ABOUT THIS EXERCISE: Copying exactly, give the lines in the material below from the one with "Unelmoitko melko lyhyestä" to the one with "Was sagt euer", ends included, and nothing besides.

SOURCE DATA:
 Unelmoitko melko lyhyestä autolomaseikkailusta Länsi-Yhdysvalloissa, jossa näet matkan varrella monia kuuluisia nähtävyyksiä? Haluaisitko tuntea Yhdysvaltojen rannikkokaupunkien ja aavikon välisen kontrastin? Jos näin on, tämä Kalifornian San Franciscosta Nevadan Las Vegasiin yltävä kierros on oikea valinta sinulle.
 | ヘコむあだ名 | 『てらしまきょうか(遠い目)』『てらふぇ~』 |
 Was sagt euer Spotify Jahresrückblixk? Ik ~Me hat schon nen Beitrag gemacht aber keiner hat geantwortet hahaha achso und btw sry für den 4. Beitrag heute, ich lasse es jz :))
==
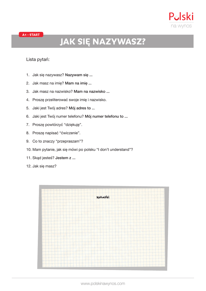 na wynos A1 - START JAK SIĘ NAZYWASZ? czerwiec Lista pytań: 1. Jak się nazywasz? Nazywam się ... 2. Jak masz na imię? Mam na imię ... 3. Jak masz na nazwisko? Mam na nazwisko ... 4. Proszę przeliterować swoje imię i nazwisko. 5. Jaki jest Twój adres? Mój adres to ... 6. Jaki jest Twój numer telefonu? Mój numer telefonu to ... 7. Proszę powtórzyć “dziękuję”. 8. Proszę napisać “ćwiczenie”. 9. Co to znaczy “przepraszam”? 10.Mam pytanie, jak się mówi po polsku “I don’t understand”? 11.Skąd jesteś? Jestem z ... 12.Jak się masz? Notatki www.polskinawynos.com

EXERCISE ANSWER:
 Unelmoitko melko lyhyestä autolomaseikkailusta Länsi-Yhdysvalloissa, jossa näet matkan varrella monia kuuluisia nähtävyyksiä? Haluaisitko tuntea Yhdysvaltojen rannikkokaupunkien ja aavikon välisen kontrastin? Jos näin on, tämä Kalifornian San Franciscosta Nevadan Las Vegasiin yltävä kierros on oikea valinta sinulle.
 | ヘコむあだ名 | 『てらしまきょうか(遠い目)』『てらふぇ~』 |
 Was sagt euer Spotify Jahresrückblixk? Ik ~Me hat schon nen Beitrag gemacht aber keiner hat geantwortet hahaha achso und btw sry für den 4. Beitrag heute, ich lasse es jz :))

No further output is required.